Anti-glomerular basement membrane (Anti-GBM) disease is a rare but devastating autoimmune kidney disease. Anti-GBM disease can co-exist with several other glomerular pathologies, but little is known about the frequency of these associated pathologies and patients’ renal outcomes compared to patients who have anti-GBM disease alone.


We retrospectively evaluated Mayo Clinic Renal Pathology Database and included patients (age ≥ 18 years) with a diagnosis of anti-GBM disease on a native kidney biopsy who were treated at the Mayo Clinic from 2000 to 2021. Detailed pathological findings were collected from renal pathology reports. Clinical characteristics and outcomes were collected from review of medical records.

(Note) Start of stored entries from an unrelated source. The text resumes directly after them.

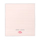 El moderno Beso de lápiz labial rojo rosado de Rubor está diseñado con líneas para mantener la nota más ordenada. Minimalista con un fondo rosa pastel y un beso rojo de moda ondulada en el centro inferior. El nombre está escrito en letras grises simples. HAGA CLIC EN PERSONALIZAR LA OPCIÓN PLANTILLA E INTRODUCIR EL NOMBRE.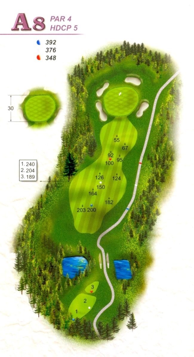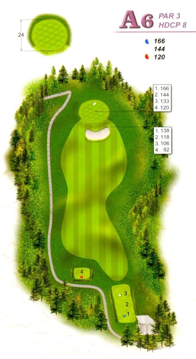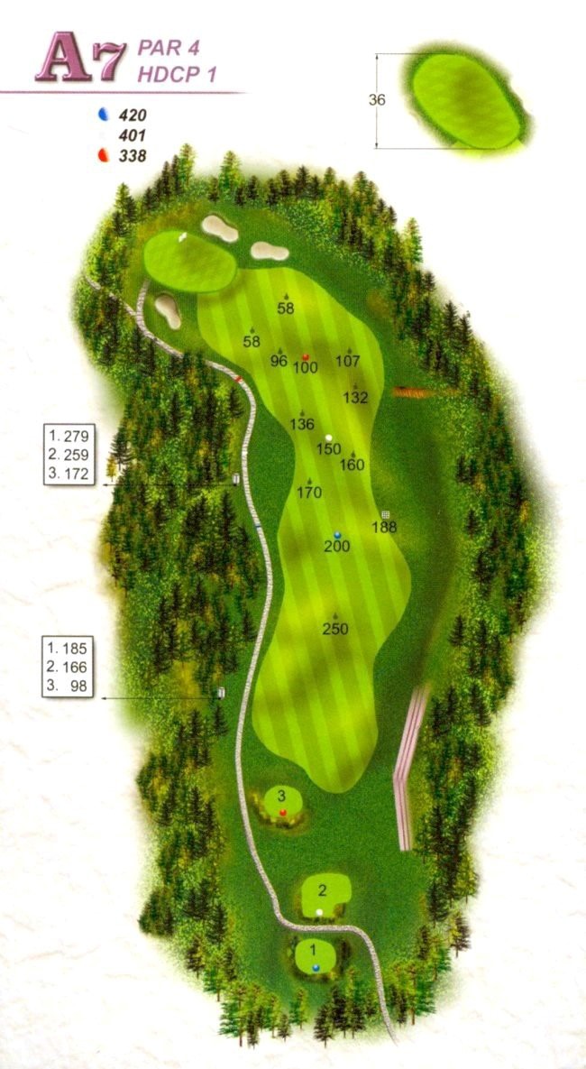 | 本洞A區九洞之中最難打的一洞,開球除看不到果嶺外,左側均為OB,右側邊坡雖會滾下,但距離果嶺太遠,第二桿不容易打上果嶺;果嶺左前及右側有沙坑,要想在此洞打PAR,第一桿非要盡力揮桿不可。 |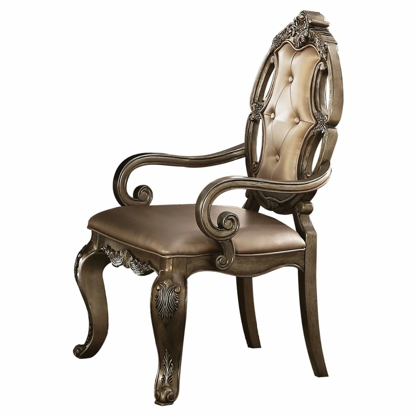 Like you, the Acme Furniture Ragenardus Dining Arm Chair – Set of 2 was inspired by the elaborate Rococo style movement. This set includes two elegant dining chairs with scrolled arms and carved, oval shield backrests. Each chair is upholstered in champagne faux leather and sits on carved cabriole front with flared back legs. The vintage oak finish has a lustrous metallic sheen.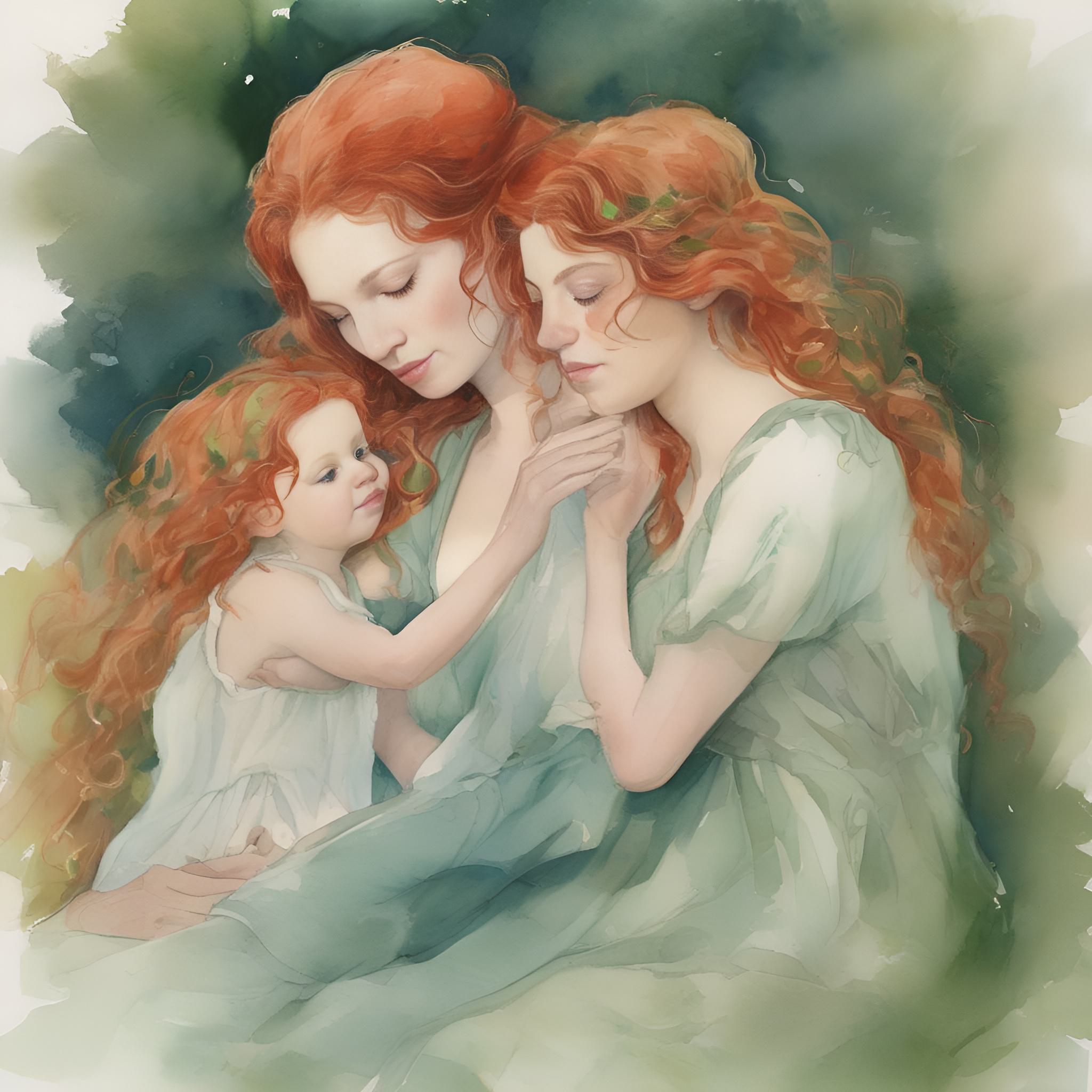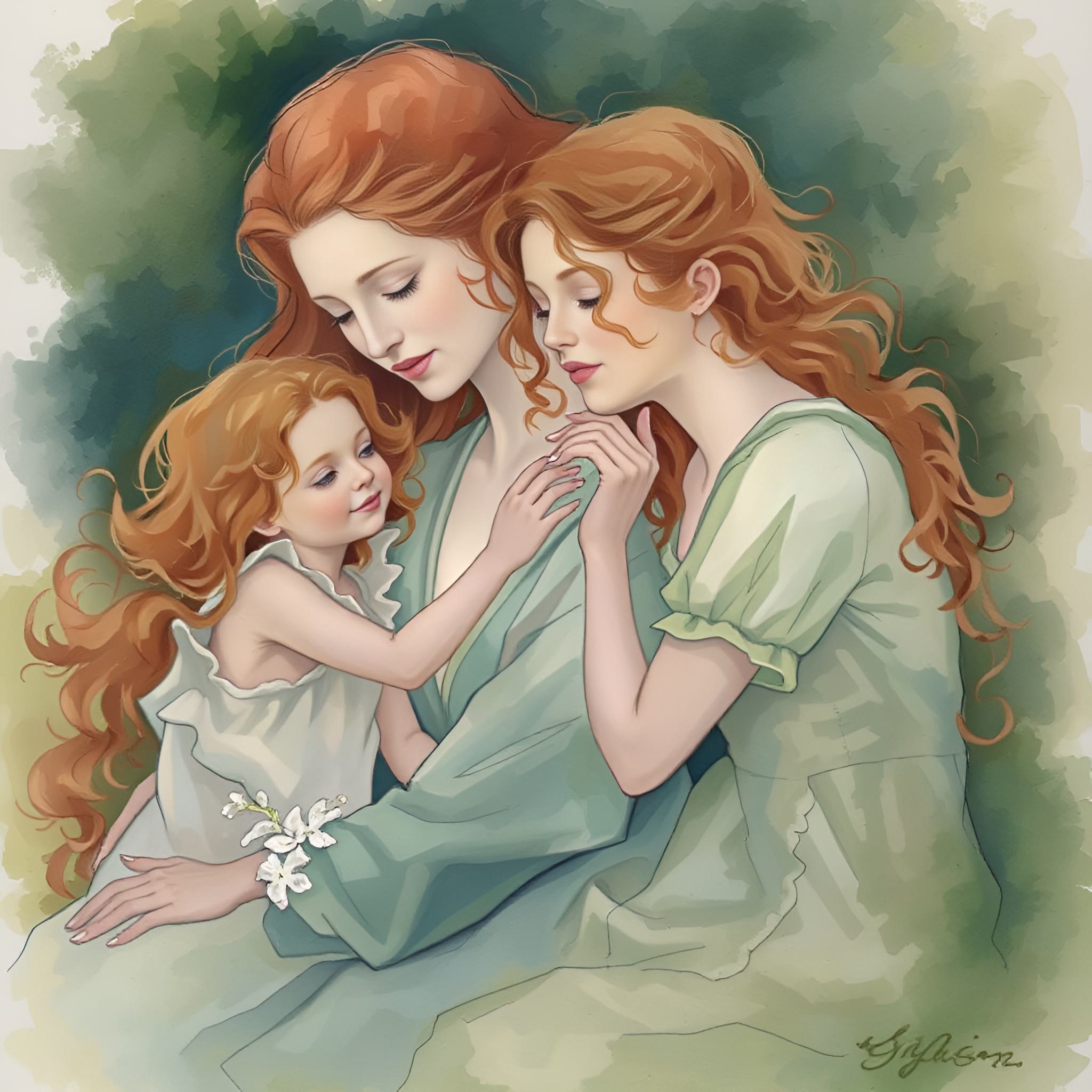 Мама с рыжими волосами и зелеными глазами обнимает двух дочек 3 года и 9 лет с рыжими волосами и синими глазами. Техника акварель, нежные тона [Улучшение лиц + качество x2 ]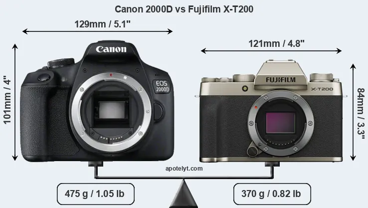 An illustration of the physical size and weight of the Canon 2000D and the Fujifilm X-T200 is provided in the side-by-side display below. The two cameras are presented according to their relative size. Three consecutive perspectives from the front, the top, and the back are available. All width, height and depth dimensions are rounded to the nearest millimeter.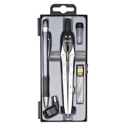 - šestilo iz cinkove litine s plastično glavo, dvema tipkama, osjo za natančno nastavitev in največjim premerom 340 mm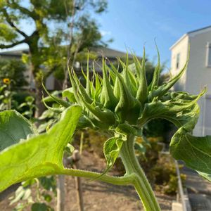 ※うちの子 「秒読み開始かな😳」向日葵 おはようございます。 日が出ると暑いので、その前にパチリ📸記録は、自分の背丈を超えました😱 今年は、良い種も穫れるかもです🌻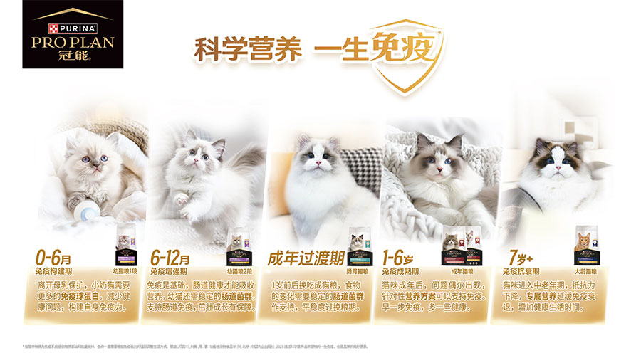 *指營養(yǎng)物質(zhì)為免疫系統(tǒng)提供物質(zhì)基礎(chǔ)和能量支持,生命一直需要根據(jù)免疫能力的強弱調(diào)整生活方式。蔡旋,鄧百川, 劉策等著. 功能性寵物食品學(xué)[M]. 北京:中國農(nóng)業(yè)出版社,2023.通過科學(xué)營養(yǎng)追求寵物的一生免疫,也是品牌的美好愿景。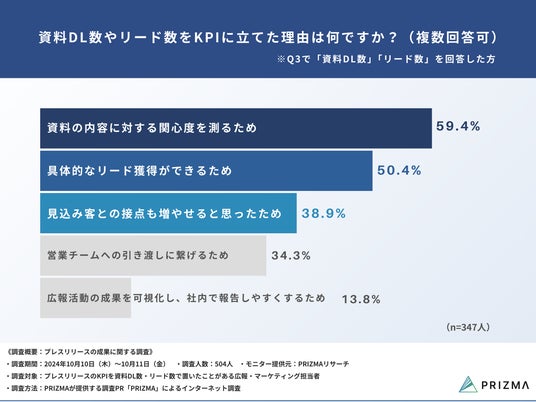 プレスリリースの成果をより可視化できるKPIは「資料DL数」が最多という結果に
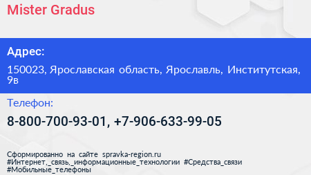 Mister Gradus по адресу 150023, Ярославская область, Ярославль, Институтская, 9в в дальнейшем Организация, размещена в следующих категориях:

Total of 209 anti-GBM cases were identified and of these, 49 cases (23.4%) were treated at Mayo Clinic (internal), whereas 160 cases (76.6%) only had their biopsy reviewed at Mayo Clinic but were treated elsewhere (external). Of 209, 191 were typical anti-GBM (91.4%) and 18 (8.6%) were atypical anti-GBM. Of typical anti GBM cases (n=191), 119 (62.3%) had no other glomerular pathology, 53 cases (27.8%) also had anti-neutrophilic cytoplasmic antibody (ANCA)-associated glomerulonephritis (GN), 10 cases (5.2%) had membranous nephropathy (MN), 6 cases (3.1%) had IgA nephropathy, 3 cases (1.6%) had thrombotic microangiopathy (TMA) and 1 case (0.5%) had fibrillary glomerulonephritis). ANCA-GN patients were significantly older than patients with anti-GBM alone and had significantly higher serum creatinine (SCr) compared to patients with associated MN. Those with MN had significantly higher urinary protein compared to those with anti-GBM alone and those with ANCA-GN . Patients with ANCA-GN had the highest degree of sclerosis compared to other pathologies. Of the 49 internal cases, 32 (65.3%) required dialysis upon presentation and 91.7% survived at 1 year. Of those who required dialysis, only 9.1% discontinued dialysis. There were no different in the outcomes between groups.


Concomitant glomerular pathology is common among patients with anti-GBM disease and can occur in up to 40% of patients. ANCA-GN accounts for over 70% of those co-existing pathologies. Clinical characteristics may potentially serve as clues to look for secondary pathologies in patients who present with anti-GBM disease.